Did quite well, my best was a low 13 average of 5. Came in third place, just .01 seconds shy of Mike Kotch. Awesome competition, thanks a lot Arthur!


----------



## masterofthebass (Feb 6, 2011)

Anthony said:


> Rowe texted me saying he got a 9.46 avg.


 
I remember the days when rowe texted me :'(


----------



## Kian (Feb 6, 2011)

Shortey said:


> wut


 
I guess he's not overly impressed by 9.46. he did later text me the same thing as Anthony.


----------



## blade740 (Feb 6, 2011)

Over 2 seconds slower than the world record and over a second slower than his competition PB. I'd say so.


----------



## rowehessler (Feb 6, 2011)

masterofthebass said:


> I remember the days when rowe texted me :'(


 
lol i would but i lost your number. If you still have mine just text me


----------



## rowehessler (Feb 6, 2011)

its only like half a second slower than my pb lol. and a second and a half slower than the WR.


----------



## blade740 (Feb 6, 2011)

Yeah I totally misread that as 9.96. I'm an idiot.


----------



## That70sShowDude (Feb 6, 2011)

theanonymouscuber said:


> Did quite well, my best was a low 13 average of 5. Came in third place, just .01 seconds shy of Mike Kotch. Awesome competition, thanks a lot Arthur!



I didn't know you were theanonymouscuber!

Got 2nd in 2-4 and 3rd in a oh/magic (lol, magic) due to lack of competitiors. +2'd a J-perm on my last 2x2 solve of the first round, which would have gave me a 3.68 average. Improved oh average, but I still want it to be a few seconds faster. Nothing really to note improvement wise. For Team BLD, Bobby and I got a 31 and 32 on back to back solves.


----------



## That70sShowDude (Feb 13, 2011)

Sorry for the double post, but why aren't the results up yet?



theanonymouscuber said:


> Did quite well, my best was a low 13 average of 5. Came in third place, just .01 seconds shy of Mike Kotch. Awesome competition, thanks a lot Arthur!

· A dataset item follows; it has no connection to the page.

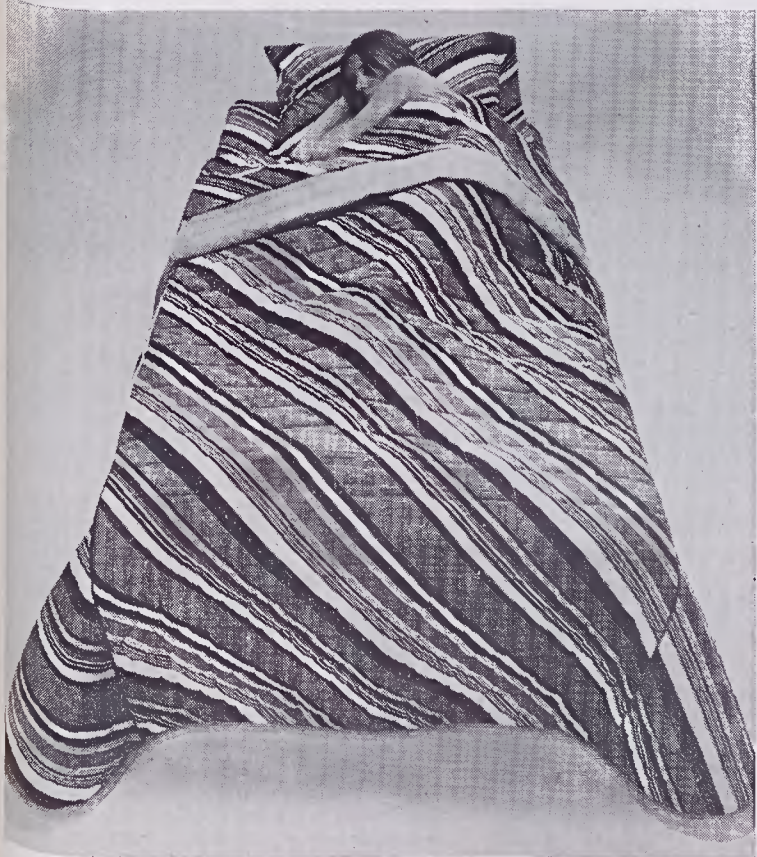
"Infinity" is Yves Saint Laurent's bold diagonal stripe design for Fieldcrest's newest sheets and pillow cases, with a quilted bedspread that cleverly reverses to a coordinated solid color.

You were actually .03 shy. There was an error in my average.


----------



## IamWEB (Feb 13, 2011)

masterofthebass said:


> I remember the days when rowe texted me :'(


 
I don't. :/


----------



## JonnyWhoopes (Feb 17, 2011)

So, I don't mean to be pushy or impatient... But when are results going to be posted?


----------



## Evan Liu (Feb 17, 2011)

JonnyWhoopes said:


> So, I don't mean to be pushy or impatient... But when are results going to be posted?


They were already posted on the 13th.

http://www.worldcubeassociation.org/node/1375
http://www.worldcubeassociation.org/results/c.php?i=Brown2011


----------



## JonnyWhoopes (Feb 17, 2011)

Evan Liu said:


> They were already posted on the 13th.
> 
> http://www.worldcubeassociation.org/node/1375
> http://www.worldcubeassociation.org/results/c.php?i=Brown2011


 
Wtheck, time to clear my cache.


----------



## Kian (Feb 17, 2011)

JonnyWhoopes said:


> Wtheck, time to clear my cache.


 
This happens with the WCA often, I've found. When you're on that site you should reload pages when you expect them to have already been updated, as a rule.


----------